▶ [Dataset excerpt]
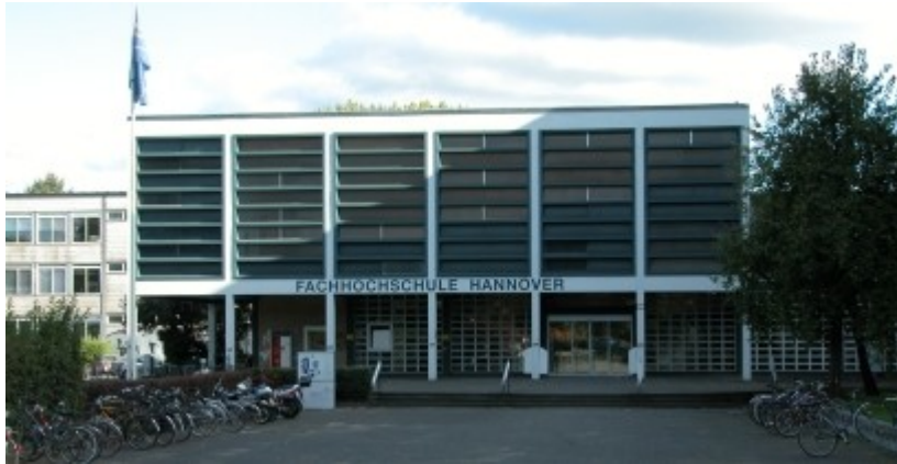
2. kép: A sulifőbejárata

Az iskolában 5 fakultáció van, 2 telephelyen. Az egyik telephely az EXPO-Plaza-n van, a 3-as fakultációnak, a másik Ricklingenben, a többinek. Az EXPO-n nem jártam, de a ricklingeni nagyon rendezett. 2 épülete van, egy régi, és egy új.
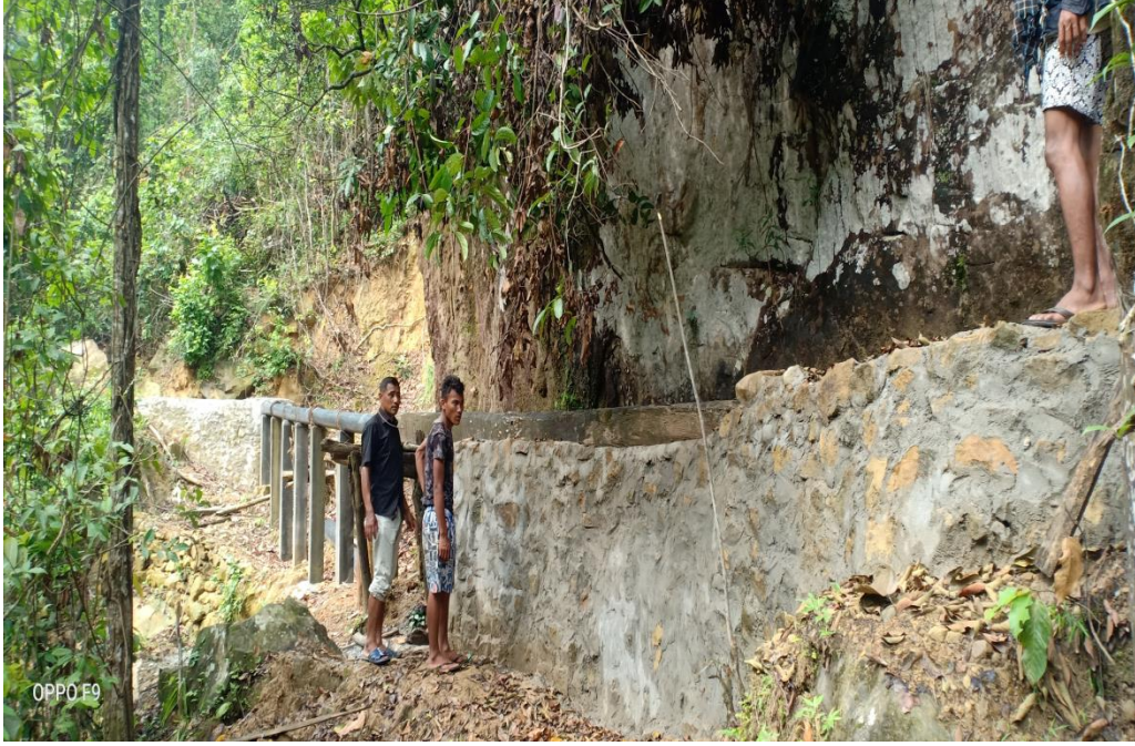
वडा नं. १ चपली सिंचाई कुलो

▶ [Exercise brief]
Which lines fall between the one containing "Az iskolában 5" and the last line of the listing, both included? Give them again exactly, without the pictures.

▶ [Answer section]
Az iskolában 5 fakultáció van, 2 telephelyen. Az egyik telephely az EXPO-Plaza-n van, a 3-as fakultációnak, a másik Ricklingenben, a többinek. Az EXPO-n nem jártam, de a ricklingeni nagyon rendezett. 2 épülete van, egy régi, és egy új.
वडा नं. १ चपली सिंचाई कुलो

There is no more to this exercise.